Unnamed: 0,PassengerId,Survived,Pclass,Name,Sex,Age,SibSp,Parch,Ticket,Fare,Cabin,Embarked
0,1,0,3,"Braund, Mr. Owen Harris",male,22.0,1,0,A/5 21171,7.25,,S
1,2,1,1,"Cumings, Mrs. John Bradley (Florence Briggs Th...",female,38.0,1,0,PC 17599,71.2833,C85,C
2,3,1,3,"Heikkinen, Miss. Laina",female,26.0,0,0,STON/O2. 3101282,7.925,,S
3,4,1,1,"Futrelle, Mrs. Jacques Heath (Lily May Peel)",female,35.0,1,0,113803,53.1,C123,S
4,5,0,3,"Allen, Mr. William Henry",male,35.0,0,0,373450,8.05,,S


In [6]:
titanic_df.columns

Index(['PassengerId', 'Survived', 'Pclass', 'Name', 'Sex', 'Age', 'SibSp',
       'Parch', 'Ticket', 'Fare', 'Cabin', 'Embarked'],
      dtype='object')

In [5]:
titanic_df.shape

(891, 12)

In [12]:
titanic_df.describe()

Unnamed: 0,PassengerId,Survived,Pclass,Age,SibSp,Parch,Fare
count,891.0,891.0,891.0,714.0,891.0,891.0,891.0
mean,446.0,0.383838,2.308642,29.699118,0.523008,0.381594,32.204208
std,257.353842,0.486592,0.836071,14.526497,1.102743,0.806057,49.693429
min,1.0,0.0,1.0,0.42,0.0,0.0,0.0
25%,223.5,0.0,2.0,20.125,0.0,0.0,7.9104
50%,446.0,0.0,3.0,28.0,0.0,0.0,14.4542
75%,668.5,1.0,3.0,38.0,1.0,0.0,31.0
max,891.0,1.0,3.0,80.0,8.0,6.0,512.3292


In [9]:
print(titanic_df.apply(lambda col: col.unique()))

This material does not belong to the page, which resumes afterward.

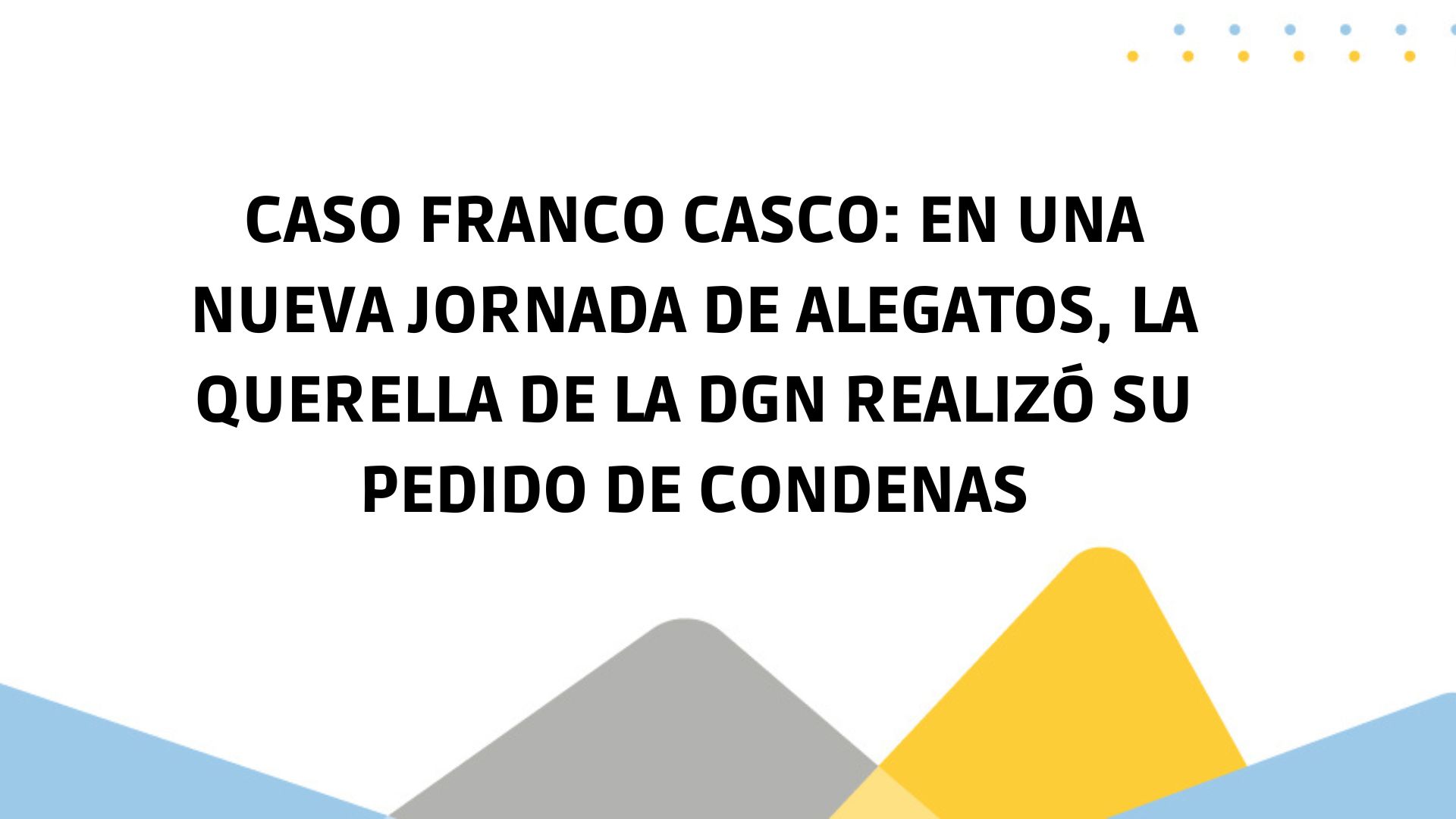 La querella de la DGN realizó el pedido al Tribunal de las condenas para los imputados tras argumentar que las pruebas producidas en el debate confirmaron la hipótesis acusatoria y que Franco Casco fue víctima de tortura seguida de muerte y de desaparición forzada seguida de muerte. Asimismo, consideraron probado que hubo funcionarios de asuntos internos de la Policía provincial que incurrieron en el encubrimiento de los hechos.

PassengerId    [1, 2, 3, 4, 5, 6, 7, 8, 9, 10, 11, 12, 13, 14...
Survived                                                  [0, 1]
Pclass                                                 [3, 1, 2]
Name           [Braund, Mr. Owen Harris, Cumings, Mrs. John B...
Sex                                               [male, female]
Age            [22.0, 38.0, 26.0, 35.0, nan, 54.0, 2.0, 27.0,...
SibSp                                      [1, 0, 3, 4, 2, 5, 8]
Parch                                      [0, 1, 2, 5, 3, 4, 6]
Ticket         [A/5 21171, PC 17599, STON/O2. 3101282, 113803...
Fare           [7.25, 71.2833, 7.925, 53.1, 8.05, 8.4583, 51....
Cabin          [nan, C85, C123, E46, G6, C103, D56, A6, C23 C...
Embarked                                          [S, C, Q, nan]
dtype: object


In [15]:
# 20% age missing, 77% cabin is missing, 0.2% embarked missing
(titanic_df.isnull().sum()/len(titanic_df))*100

PassengerId     0.000000
Survived        0.000000
Pclass          0.000000
Name            0.000000
Sex             0.000000
Age            19.865320
SibSp           0.000000
Parch           0.000000
Ticket          0.000000
Fare            0.000000
Cabin          77.104377
Embarked        0.224467
dtype: float64

In [None]:
# PassengerId - id unique to passenger, 
# Survived - binary response, this is a classification problem
# Pclass - numeric but relates to class of passenger so need to convert to cat var. Higher class, higher survival I assume
# Name - char. Could be useful in identifying married women?
# Sex - char but convert to dummy
# Age - missing some variables, continuous. min age a decimal? Kids likely to have higher survival.
# SibSp - number of siblings/spouse on board. 
# Parch - number of parents/children on board. Perhaps those with bigger families were less likely to survive? More kids to locate on the boat.
# Ticket - ticket number
# Fare - ticket price in £
# Cabin - cabin number, contains nans
# Embarked - where the passenger embarked, (C = Cherbourg; Q = Queenstown; S = Southampton), contains nans

In [19]:
# create female field and use numerical values, 1 = female, 0 = male
titanic_df['Female'] = np.where(titanic_df['Sex'] == 'female', 1, 0)

# make pclass categorical
titanic_df['Pclass'] = np.where(titanic_df['Pclass'] == 1, 'First', 
                                np.where(titanic_df['Pclass'] == 2, 'Second', 'Third'))

# replace with unknown or use most common?
titanic_df['Embarked'] = titanic_df['Embarked'].replace(np.NaN, 'Unknown') 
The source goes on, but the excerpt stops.